Intrinsic preservation of plasticity in continual quantum learning
Yu-Qin Chen, Shi-Xin Zhang

TL;DR
Quantum learning models inherently preserve plasticity over time, overcoming a key limitation of classical deep learning, by leveraging their intrinsic physical constraints to maintain consistent learning capabilities across diverse tasks and data modalities.
Contribution
This paper demonstrates that quantum neural networks naturally retain plasticity in continual learning scenarios, unlike classical models, due to their unitary constraints which prevent unbounded weight growth.
Findings
Quantum models maintain stable learning over long timescales.
Classical models show performance degradation with unbounded weight growth.
Quantum models outperform classical ones across various tasks and data types.
Abstract
Artificial intelligence in dynamic, real-world environments requires the capacity for continual learning.
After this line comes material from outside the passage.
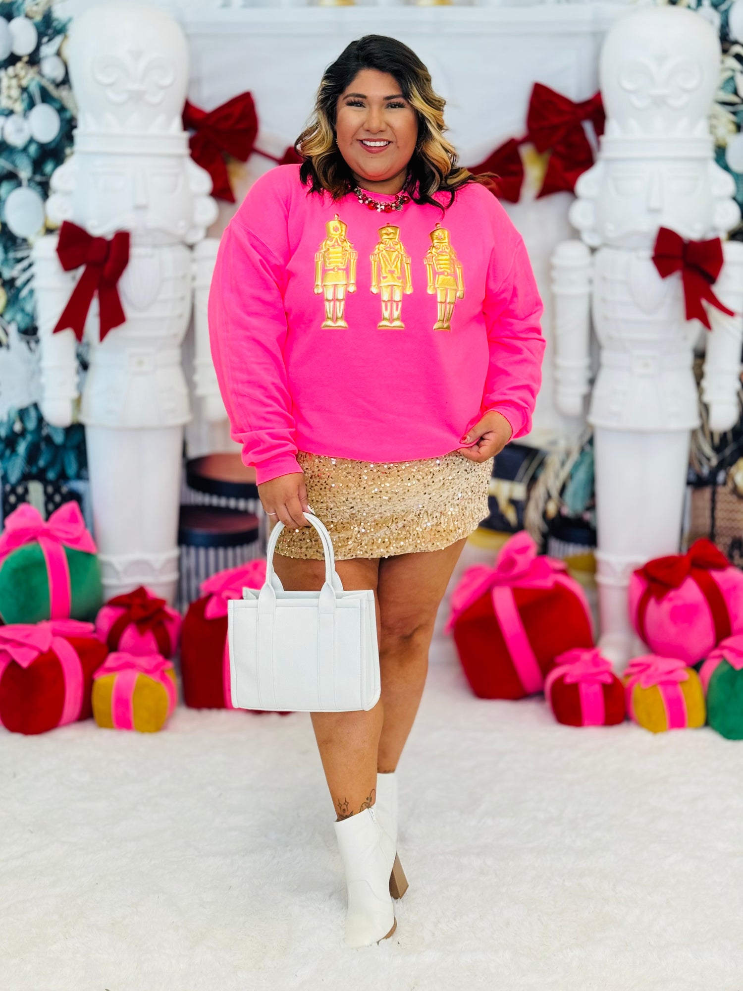 Celebrate the holiday spirit in style with this Pink Metallic Puff Nutcracker Sweatshirt! Featuring three shimmering gold nutcrackers, it adds a festive and fun touch to your cozy wardrobe. Perfect for lounging or holiday gatherings, its playful design and comfortable fit bring cheer and warmth to any occasion.

However, standard deep learning suffers from a fundamental issue: loss of plasticity, in which networks gradually lose their ability to learn from new data. Here we show that quantum learning models naturally overcome this limitation, preserving plasticity over long timescales. We demonstrate this advantage systematically across a broad spectrum of tasks from multiple learning paradigms, including supervised learning and reinforcement learning, and diverse data modalities, from classical high-dimensional images to quantum-native datasets. Although classical models exhibit performance degradation correlated with unbounded weight and gradient growth, quantum neural networks maintain consistent learning capabilities regardless of the data or task. We identify the origin of the…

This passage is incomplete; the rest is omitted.